Problem statement -> Transcribe nothing except the lines below that run from the one with "5x7 acrylic painting" to the one with "Далее, примените корректирующие", ends included, and do not copy any picture.

Provided data ->
BEGIN

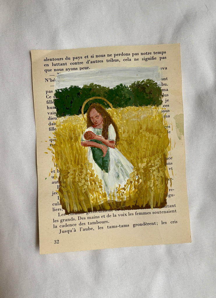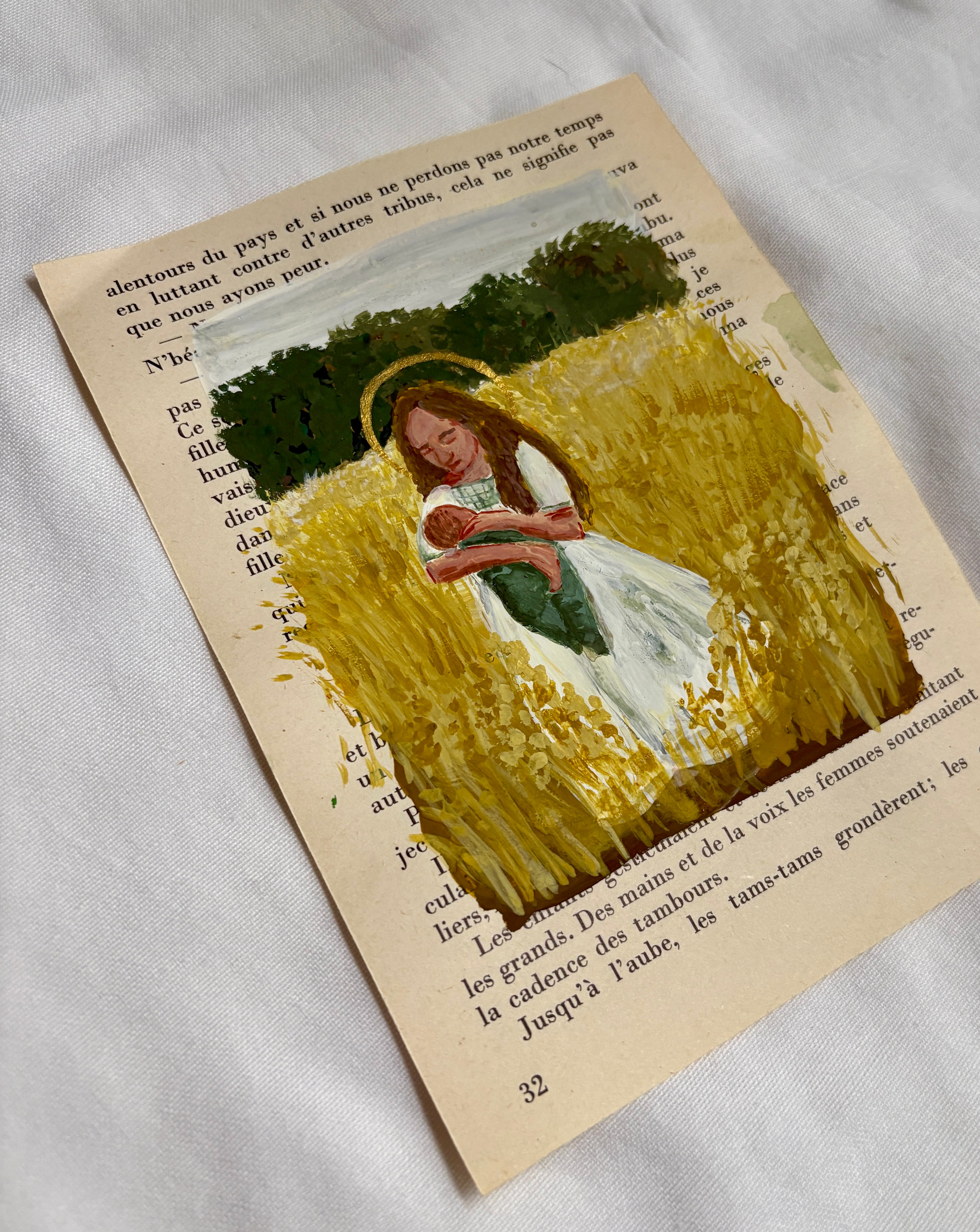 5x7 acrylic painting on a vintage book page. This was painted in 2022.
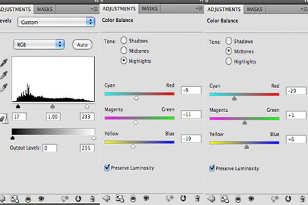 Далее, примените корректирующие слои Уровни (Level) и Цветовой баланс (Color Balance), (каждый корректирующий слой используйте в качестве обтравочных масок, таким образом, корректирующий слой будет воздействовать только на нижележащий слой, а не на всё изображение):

END
BEGIN

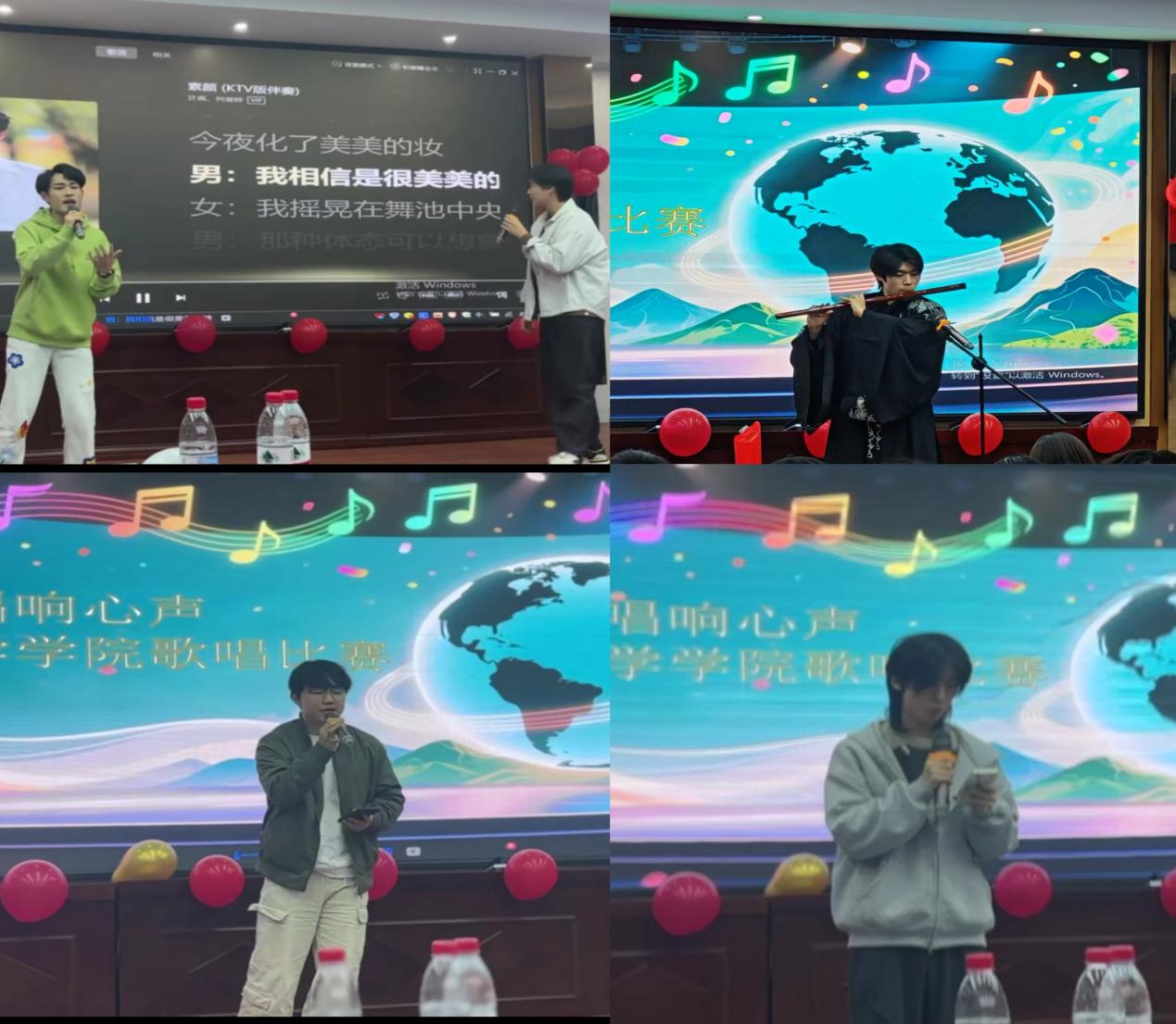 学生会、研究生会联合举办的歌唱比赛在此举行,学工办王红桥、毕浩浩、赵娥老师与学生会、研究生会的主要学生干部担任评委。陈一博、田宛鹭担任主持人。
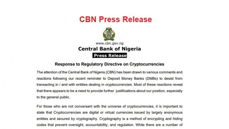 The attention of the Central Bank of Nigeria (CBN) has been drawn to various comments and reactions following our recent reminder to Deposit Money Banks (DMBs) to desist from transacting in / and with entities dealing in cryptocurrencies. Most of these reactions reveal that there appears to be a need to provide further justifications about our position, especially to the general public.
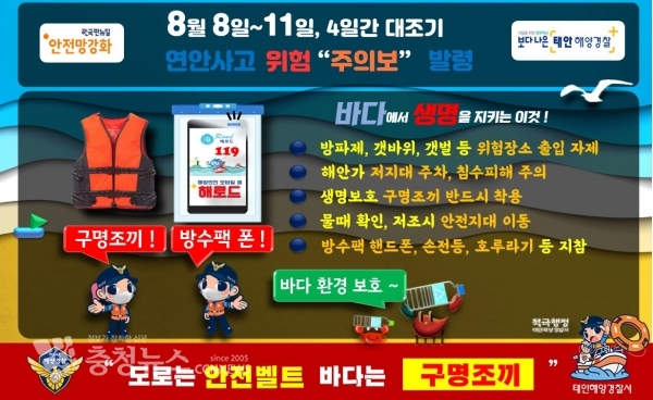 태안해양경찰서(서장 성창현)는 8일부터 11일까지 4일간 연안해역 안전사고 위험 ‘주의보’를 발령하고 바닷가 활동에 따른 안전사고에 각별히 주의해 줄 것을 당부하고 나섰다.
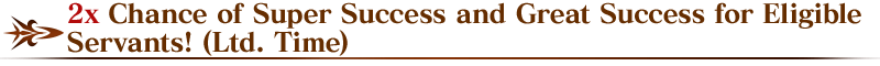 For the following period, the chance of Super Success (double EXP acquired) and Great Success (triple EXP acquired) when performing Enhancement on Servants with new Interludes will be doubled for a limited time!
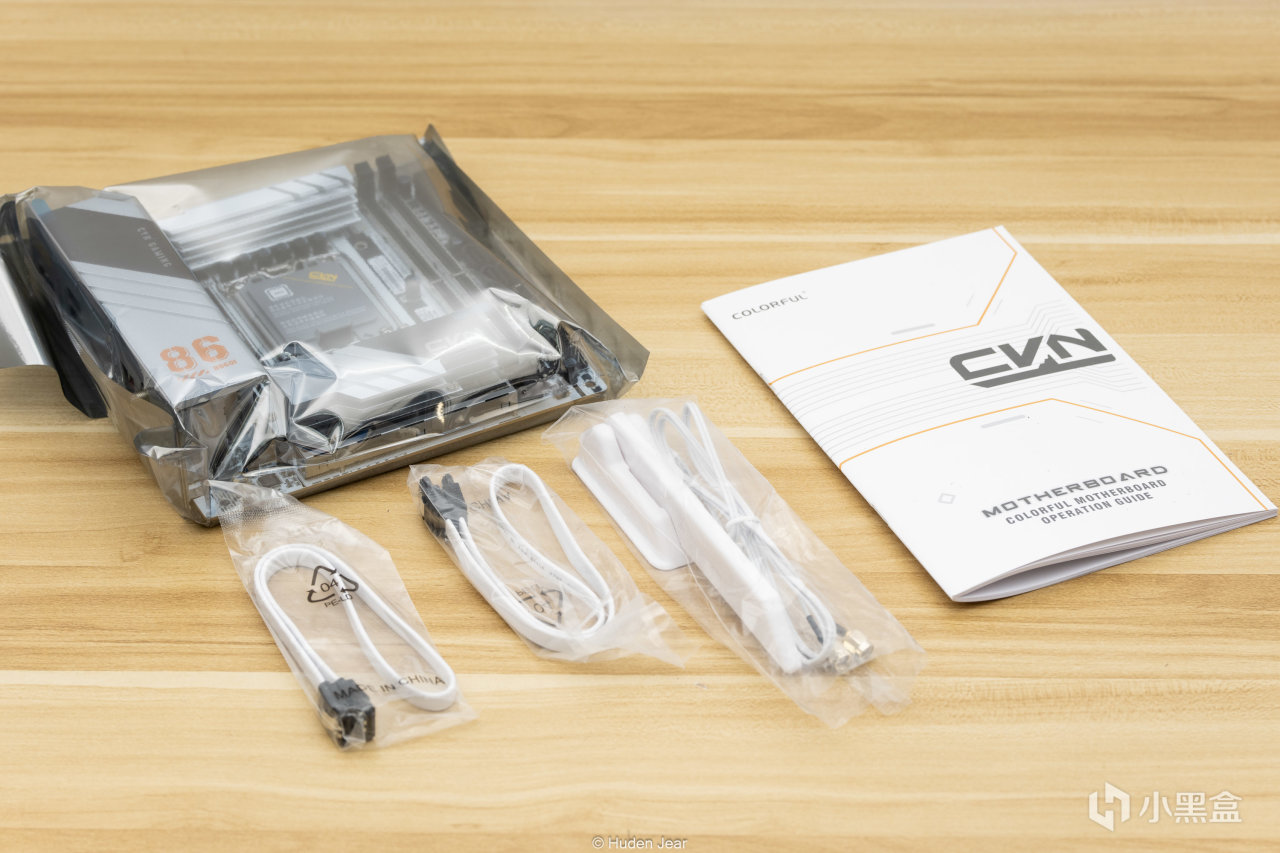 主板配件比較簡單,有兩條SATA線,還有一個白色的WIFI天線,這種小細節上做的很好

END

Your solution ->
 5x7 acrylic painting on a vintage book page. This was painted in 2022.
 Далее, примените корректирующие слои Уровни (Level) и Цветовой баланс (Color Balance), (каждый корректирующий слой используйте в качестве обтравочных масок, таким образом, корректирующий слой будет воздействовать только на нижележащий слой, а не на всё изображение):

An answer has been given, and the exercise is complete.